In spite of myself, I could feel my lips curling into the faintest of smiles. "I don't think that will be a problem, Ron. We didn't exactly part on good terms, last time he was here."
"About your wand..." That got my attention, and I finally looked up at his face, met his gaze, boldly. "I won't tell anyone that you still have it, if that's what you're worried about. I'm not here to make trouble for you, Hermione." Again, there was that smile on his lips that didn't reach his eyes. "I'm glad to see you still have it, is all. Maybe, someday, you'll come back to the wizarding way of life."
"I've moved on, Ron," I told him, firmly. "Malfoy's visit, you dropping in, these are exceptions to the normal routine I live by. I made my choice, four years ago, and I stand by it now."
He stood up so fast I was afraid, for half a second, that he was going to hit me, or worse. Instead, he simply turned away from me, taking a step toward the kitchen door. "Hoping you'll have a change of heart won't kill me, though, will it?" I felt a pang, in my chest, at his words, but said nothing, and he took another step toward the door. "Take care of yourself, Hermione." I expected another step, but there was none, just the too-familiar (even after four years) CRACK of Apparition, followed by a slight whooshing of air rushing to fill the Ron-shaped void he'd left behind.
Leaving the teacups on the table, I got up and made my way back to the bedroom.
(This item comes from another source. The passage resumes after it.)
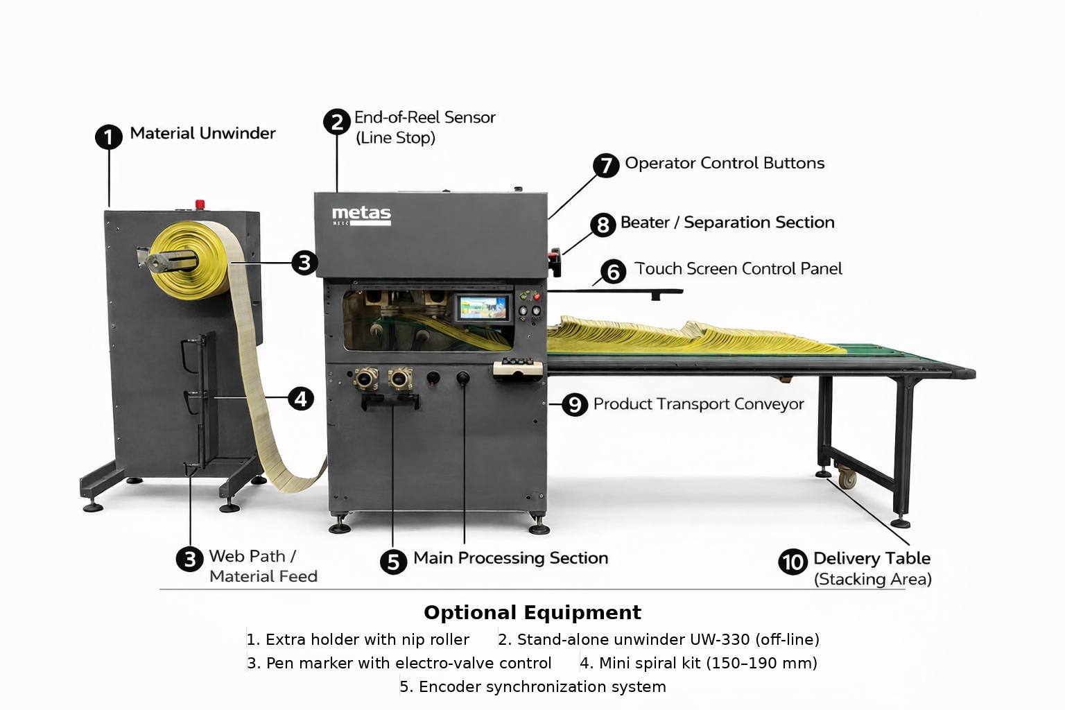 - Versatility: The machine can operate both online with die-cutting units or printing machines and offline with the unwinder model UW-330/400/508-SB, making it adaptable to various production setups.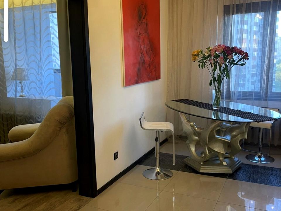 Квартира затишна, простора, світла, наповнена побутовою технікою та меблями.

Harry was there, his shade hovering to one side of my bed. "I told you--" he began.
"Don't," I snapped, cutting him off with a ferocity I'd never used with Harry before. "Not now, Harry, not ever. Don't you ever say those words to me." He looked shocked, and hurt, and tried the kicked-puppy look on me, but I turned away, curling up on the bed. I waited, eyes closed, until I was sure he was gone, before finally letting loose the tears that had been waiting since halfway through Ron's visit. I wasn't sure whether I was mourning the loss of his innocence, or the loss of our friendship, or something else entirely, but I was mourning something. At some point I left off crying in favor of praying, not for Ron, or even myself, but to simply be left alone, forgotten, the way I'd wanted to be when I walked away from being a witch four years ago.
Sleep, when it finally came, was blessedly dreamless.